Records for the task -
== Segment start ==

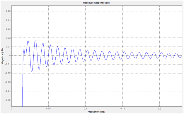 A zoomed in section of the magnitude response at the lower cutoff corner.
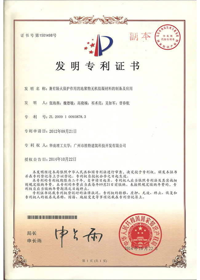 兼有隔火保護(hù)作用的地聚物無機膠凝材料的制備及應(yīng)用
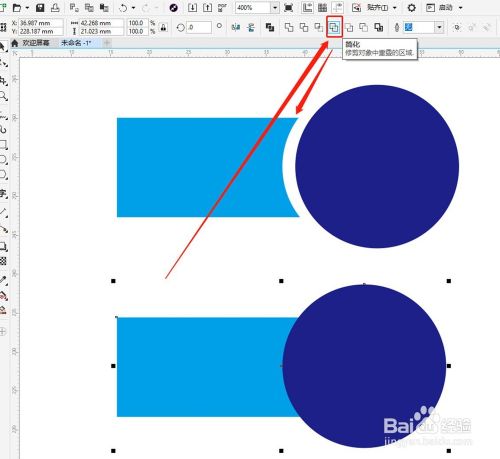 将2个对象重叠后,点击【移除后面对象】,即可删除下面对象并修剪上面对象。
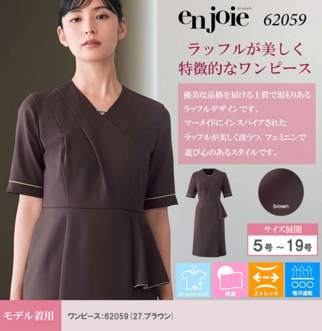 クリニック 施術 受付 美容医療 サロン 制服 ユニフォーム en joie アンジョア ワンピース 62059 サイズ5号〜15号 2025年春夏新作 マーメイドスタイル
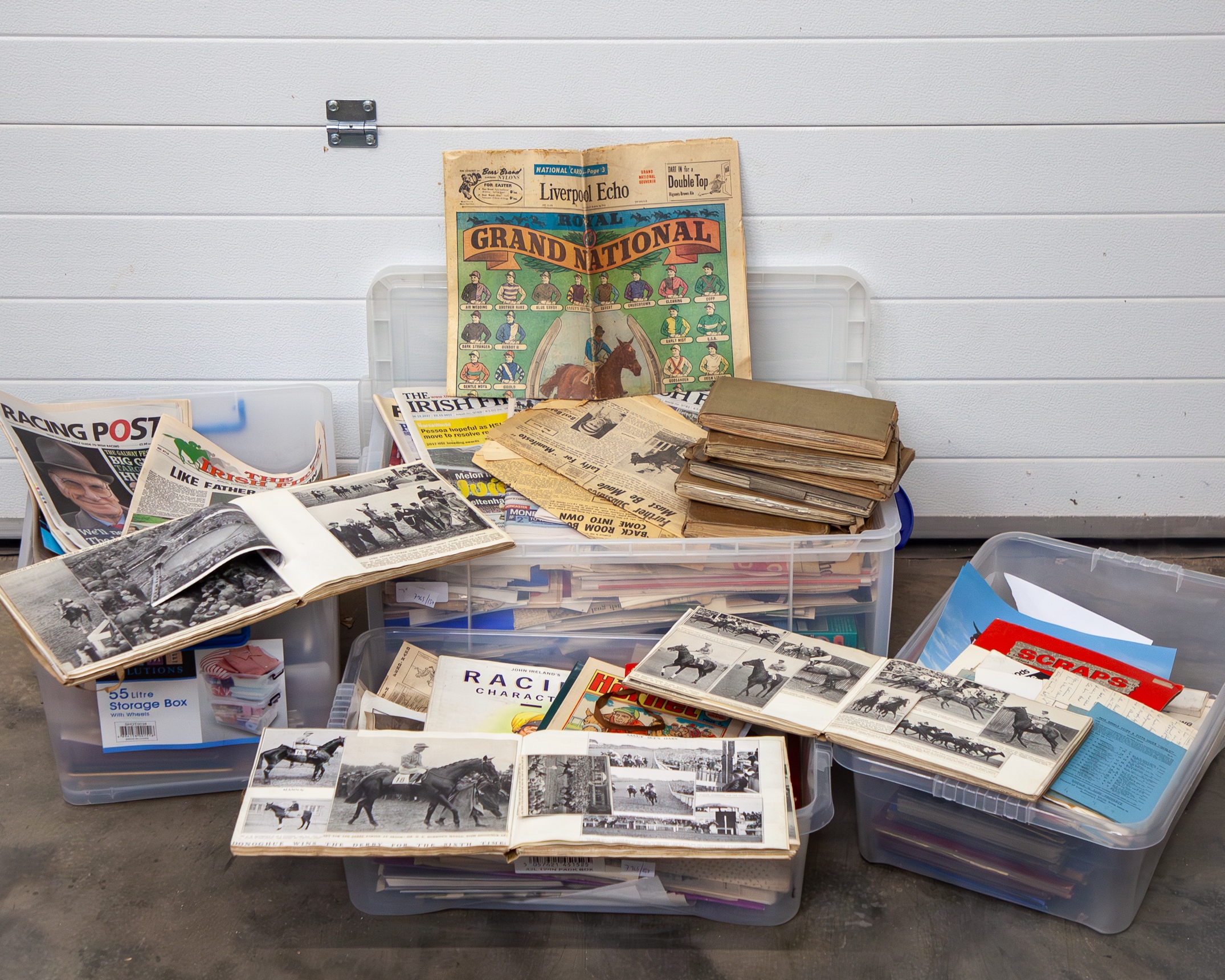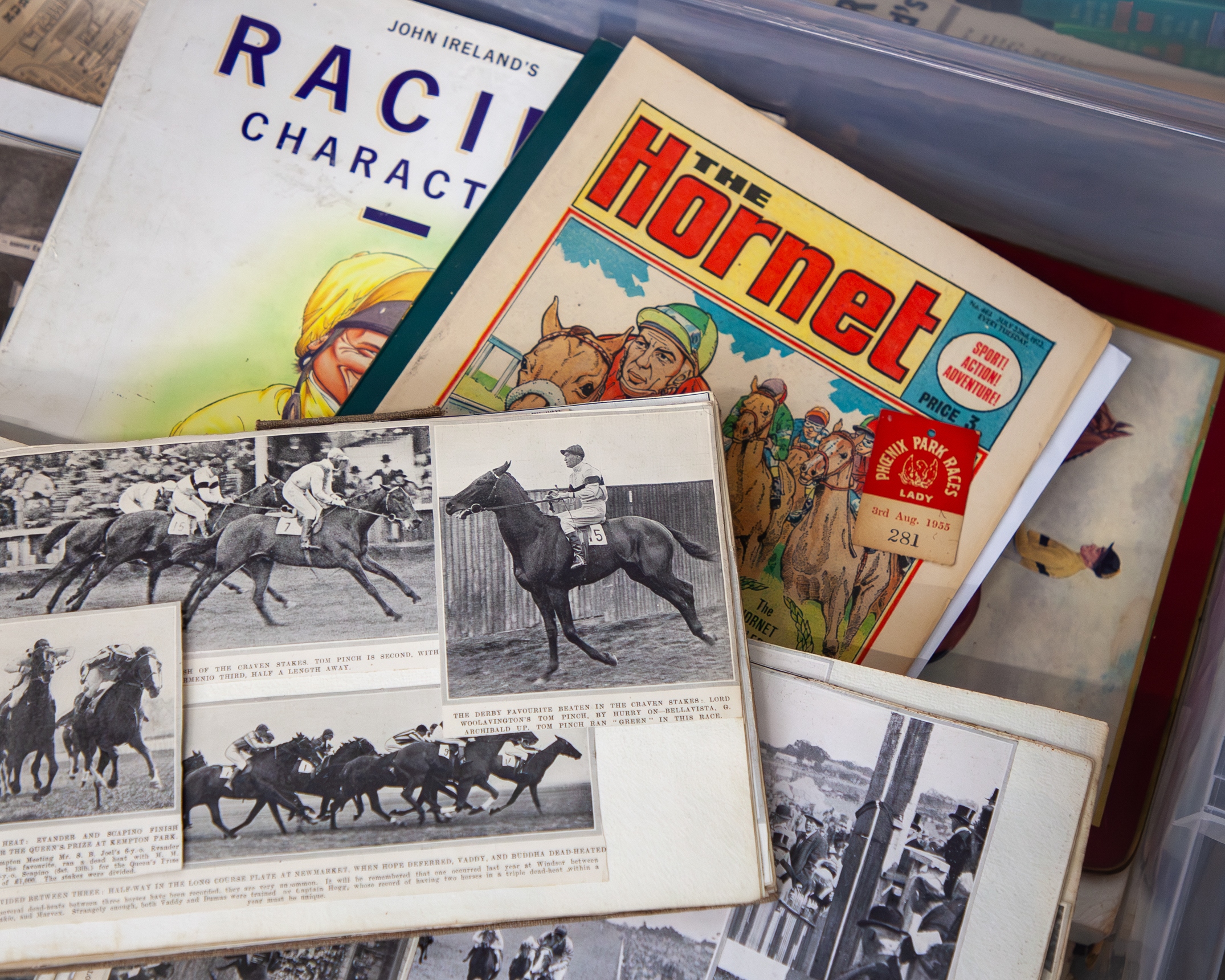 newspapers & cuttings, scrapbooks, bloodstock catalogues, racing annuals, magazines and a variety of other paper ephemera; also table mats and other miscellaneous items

== Segment end ==
== Segment start ==

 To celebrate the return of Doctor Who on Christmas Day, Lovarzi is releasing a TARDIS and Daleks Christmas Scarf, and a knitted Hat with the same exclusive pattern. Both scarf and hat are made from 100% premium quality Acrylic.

== Segment end ==

Try it -
In the listing above, find the line containing "クリニック 施術 受付" and the line containing "newspapers & cuttings, scrapbooks, bloodstock", then print exactly those two lines and every line between them, minus the pictures.

Answer space -
 クリニック 施術 受付 美容医療 サロン 制服 ユニフォーム en joie アンジョア ワンピース 62059 サイズ5号〜15号 2025年春夏新作 マーメイドスタイル
 newspapers & cuttings, scrapbooks, bloodstock catalogues, racing annuals, magazines and a variety of other paper ephemera; also table mats and other miscellaneous items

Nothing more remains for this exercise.